===== Records for processing =====

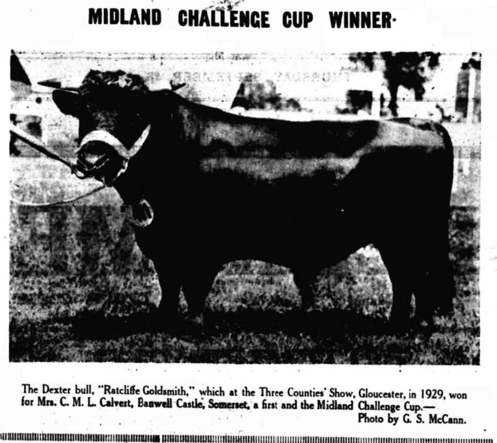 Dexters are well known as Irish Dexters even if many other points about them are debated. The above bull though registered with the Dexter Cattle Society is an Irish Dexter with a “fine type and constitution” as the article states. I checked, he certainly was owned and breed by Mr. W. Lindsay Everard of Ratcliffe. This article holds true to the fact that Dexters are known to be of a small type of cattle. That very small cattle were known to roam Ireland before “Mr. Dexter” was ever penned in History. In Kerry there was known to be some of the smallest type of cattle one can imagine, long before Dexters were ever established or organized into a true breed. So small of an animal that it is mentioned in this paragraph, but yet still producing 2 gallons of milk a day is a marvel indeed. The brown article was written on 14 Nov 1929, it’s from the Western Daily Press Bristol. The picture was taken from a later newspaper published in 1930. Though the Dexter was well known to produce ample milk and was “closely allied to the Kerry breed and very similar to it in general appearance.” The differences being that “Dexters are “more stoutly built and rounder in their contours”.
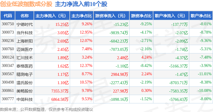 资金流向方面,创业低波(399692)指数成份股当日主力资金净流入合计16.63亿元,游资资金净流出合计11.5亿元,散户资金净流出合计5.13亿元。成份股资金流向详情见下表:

=====
===== Records for processing =====

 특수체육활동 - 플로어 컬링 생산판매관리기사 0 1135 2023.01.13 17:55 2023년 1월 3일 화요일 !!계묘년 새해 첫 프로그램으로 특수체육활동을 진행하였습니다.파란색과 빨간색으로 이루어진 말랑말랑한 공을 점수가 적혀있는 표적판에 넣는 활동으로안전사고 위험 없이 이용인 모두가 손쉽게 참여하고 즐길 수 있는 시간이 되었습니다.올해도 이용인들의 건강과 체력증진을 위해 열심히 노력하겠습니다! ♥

=====

Aim of the task>
In the listing above, find the line with "Dexters are well" and the line with "资金流向方面,创业低波(39". Copy both of them and every line between, exactly, but not the pictures.

Exercise answer>
 Dexters are well known as Irish Dexters even if many other points about them are debated. The above bull though registered with the Dexter Cattle Society is an Irish Dexter with a “fine type and constitution” as the article states. I checked, he certainly was owned and breed by Mr. W. Lindsay Everard of Ratcliffe. This article holds true to the fact that Dexters are known to be of a small type of cattle. That very small cattle were known to roam Ireland before “Mr. Dexter” was ever penned in History. In Kerry there was known to be some of the smallest type of cattle one can imagine, long before Dexters were ever established or organized into a true breed. So small of an animal that it is mentioned in this paragraph, but yet still producing 2 gallons of milk a day is a marvel indeed. The brown article was written on 14 Nov 1929, it’s from the Western Daily Press Bristol. The picture was taken from a later newspaper published in 1930. Though the Dexter was well known to produce ample milk and was “closely allied to the Kerry breed and very similar to it in general appearance.” The differences being that “Dexters are “more stoutly built and rounder in their contours”.
 资金流向方面,创业低波(399692)指数成份股当日主力资金净流入合计16.63亿元,游资资金净流出合计11.5亿元,散户资金净流出合计5.13亿元。成份股资金流向详情见下表:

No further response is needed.